New offerings are popping up on the market such as Groq which optimized AI inference by dropping the unused silicon in GPUs and focusing on inference primitives.

Training and inference run on Transformers, which essentially compute large matrices on GPUs. Retrieving and cleaning data are tasks suited for CPUs. CPU-only nodes are also orchestrated by Slurm, which knows how to manage autoscaling for Spot instances. It’s frequent that these jobs burst from 0 to 12k VMs in about an hour. All instances are provisioned within the same Availability Zone and placement groups and multiple VM families are used to guarantee capacity.

Managing the cluster

In the end, lots of time gets spent on the control plane. Compute is ephemeral. This relates back to the Pets vs Cattle concept, where operations take care of pets but accept that Cattle only exist for a time and are okay recreating them. The infrastructure has been fully automated using Terraform and Ansible. This is a requirement as only two people are behind this behemoth of an infrastructure.

Here, Slurm is not used for massive calculation but rather to orchestrate small microscopic jobs. Lots of them, lasting for a long time. This leads to contributing fixes to the Slurm code base for edge cases and bugs. Working in this advanced infrastructure requires custom tooling to debug performance and deadlock issues, which do not scale well with cluster size.
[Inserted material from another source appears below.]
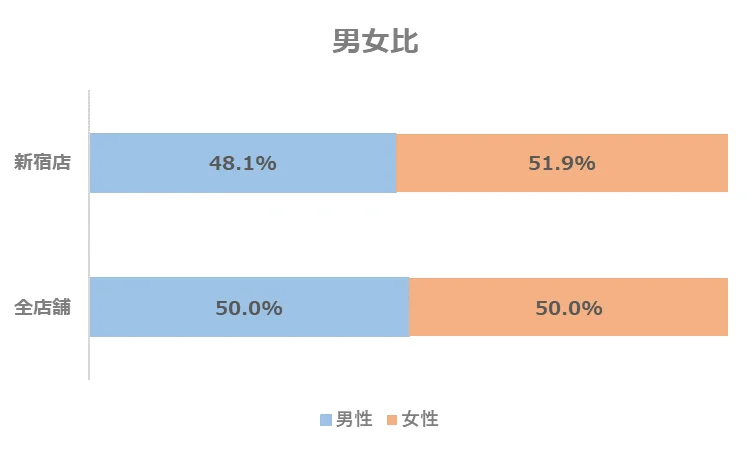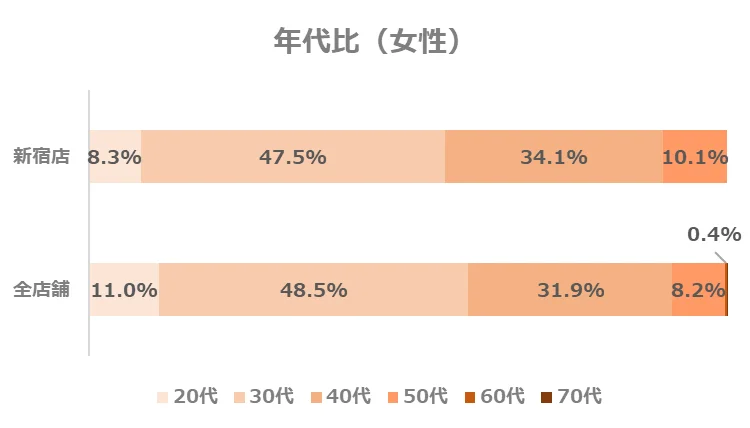 女性は20代の割合はやや低いものの、30~40代の割合が高い点は全店舗と同様の傾向です。

Developer experience is crucial in HPC. Scientists love doing science and as such operations must provide everything that they can to reduce the knowledge barrier to entry: documentations, tips, examples, active help.

This is not over, are today research is focused on using infrastructure more efficiently and improving measurements and reporting. MLCO2 is a project that computes carbon emissions from training. We find that smaller and focused models can be trained more efficiently on all metrics. The same goes with ethics: the FineWeb dataset is derived from CommonCrawl. Free and open source code is used for training and data is removed from datasets when requested.
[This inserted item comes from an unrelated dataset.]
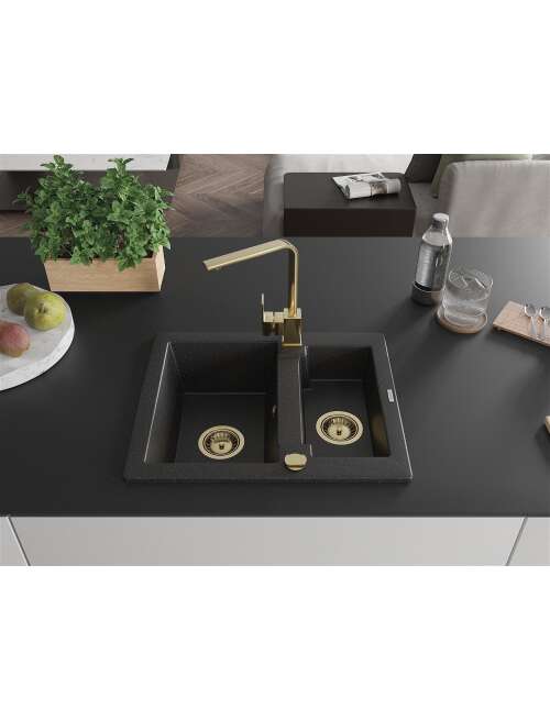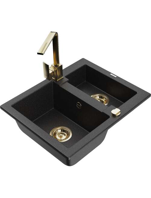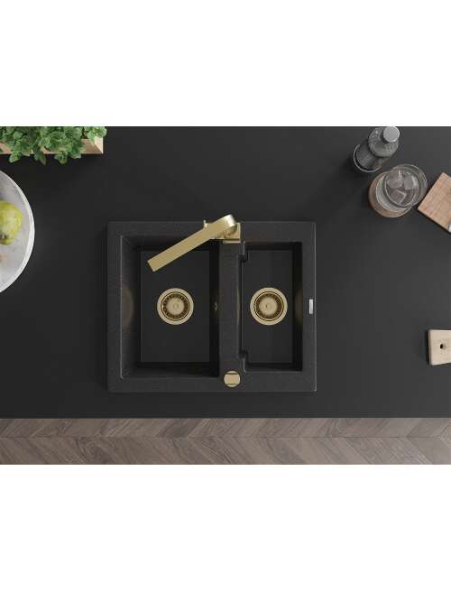 Dane techniczne: Zlewozmywak: Rozmiar: 582x475x177 mm Głębokość komory: 162 mm (większa), 102 mm (mniejsza) Wymiary komory: 395x272 mm (większa), 375x182 mm (mniejsza) Średnica odpływu: ø90 mm Typ: 1,5-komorowy Rodzaj: Wpuszczany w blat Kolor: Czarny/Srebrny metalik Wykończenie syfonu: Złoty Materiał: Granit (80% kruszywo granitowe 20% żywice) Otwór przelewowy: Tak Otwory: ( bateria, automat ) 2 Wysoka odporność na zarysowania i przebarwienia Odporność na szok termiczny Powierzchnia ułatwiająca czyszczenie Jeden dodatkowy podfrezowany otwór do samodzielnego wybicia ø35 Bateria kuchenna: Materiał: Mosiądz Kolor: Złoty Głowica: Ceramiczna Perlator: Tak Typ: Jednouchwytowa Wysokość baterii: 290 mm Zasięg wylewki: 220 mm |

If you wish to try some models trained and hosted by HuggingFace without the need for a user account, head over to HuggingChat.

Your LLM stack LGTM!

By Wilfried Roset, Engineering Manager @ OVHCloud

Technology is a universe of ideas, practices and tools of its own. It is so vast that it is self-sustaining and professions branched out and specialized, offering the capability to really pick the best tool for the right job. Take Infrastructure as Code: we can quickly and reliably create infrastructure and destroy it in a matter of minutes with minimal human intervention.

Reaching full automation from scratch requires a few steps:

  • Manual provisioning;
  • Repeatable provisioning;
  • Simplified provisioning;
  • Observability;
  • Ability to destroy and rebuild from scratch.

Moreover, a higher targeted level of abstraction implies more layers of shared infrastructure and steps towards provisioning the solution. For instance, to deliver an infrastructure capable of displaying a web chat interface for Large Language Models, we would need to deploy the following layers:

  • Kubernetes and its nodes, with their underlying infrastructure;
  • HuggingFace’s solutions such as UI Chat;
  • An observability stack such as the one provided by Grafana Labs: Loki, Grafana, Tempo, Mimir, Pyroscope;
  • A load testing tool such as k6.

While everything can be deployed with Terraform and Ansible, we do not advise doing so: duplicating infrastructure state in multiple places may cause complex issues. Apps deployed in Kubernetes, including observability tooling, should be deployed with ArgoCD or FluxCD. Their state will depend on configuration hosted in a place accessible to target infrastructure and synchronized with it. Plus, most Cloud providers and services have started supporting GitOps solutions natively.